“Being selected by the United Nations Academic Impact (UNAI) initiative is an honor as well as an obligation,” says Veruska Muccione, climate researcher at the Department of Geography of UZH. UNAI is an initiative of the United Nations, bringing together universities and other institutes of higher education from around the world to promote and protect key goals such as human rights and sustainability.
On the occasion of United Nations Day on 24 October, UNAI has selected 17 academic institutions as hubs for the UN’s Sustainable Development Goals (SDGs), with each organization representing one of the goals. The University of Zurich has been chosen as the hub for goal no. 13 Climate Action, which calls for immediate action against climate change and its impacts.

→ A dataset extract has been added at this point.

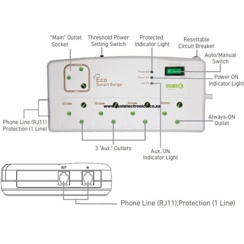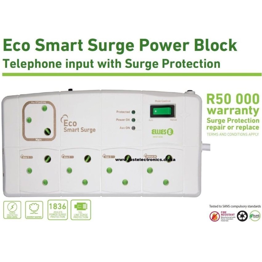 Eco Smart Surge Power Block Telephone Input With Surge Protection R50 000 Warranty
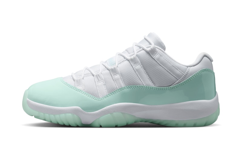 The next launch to feature the Air Jordan 11 is the low version of the sneaker donning a new women's-exclusive "Igloo" look. Its signature pastel green hue covers the mudguard, which again features a patent leather finish. The remainder of the upper is a blank canvas in white, save for a touch of baby blue at the tongue's Jordan branding. Its "Igloo" green then returns at the outsole, which is mostly semi-translucent in appearance.

With this prestigious distinction, the UN is acknowledging UZH’s long history of interdisciplinary research and teaching in the field of climate change. “At UZH, researchers investigate and address climate change from several angles,” says Muccione. Climatologists are joined by scholars from other fields such as sustainability studies, political science, ethics, finance, medicine and media studies.
Together with ETH Zurich, the University established the Network for Interdisciplinary Climate Research, which brings together more than 50 researchers. “The high level of interdisciplinarity makes us an attractive partner for UNAI for goal no. 13,” says Muccione. The nomination also perfectly complements plans to establish a transdisciplinary center of competence for sustainability topics at UZH.
Implementation is key
But being an SDG hub also brings with it an obligation, since it is part of UNAI’s goal of establishing measures to counter the negative effects of climate change. The SDGs are part of the UN’s Agenda for Sustainable Development, which should be achieved by 2030.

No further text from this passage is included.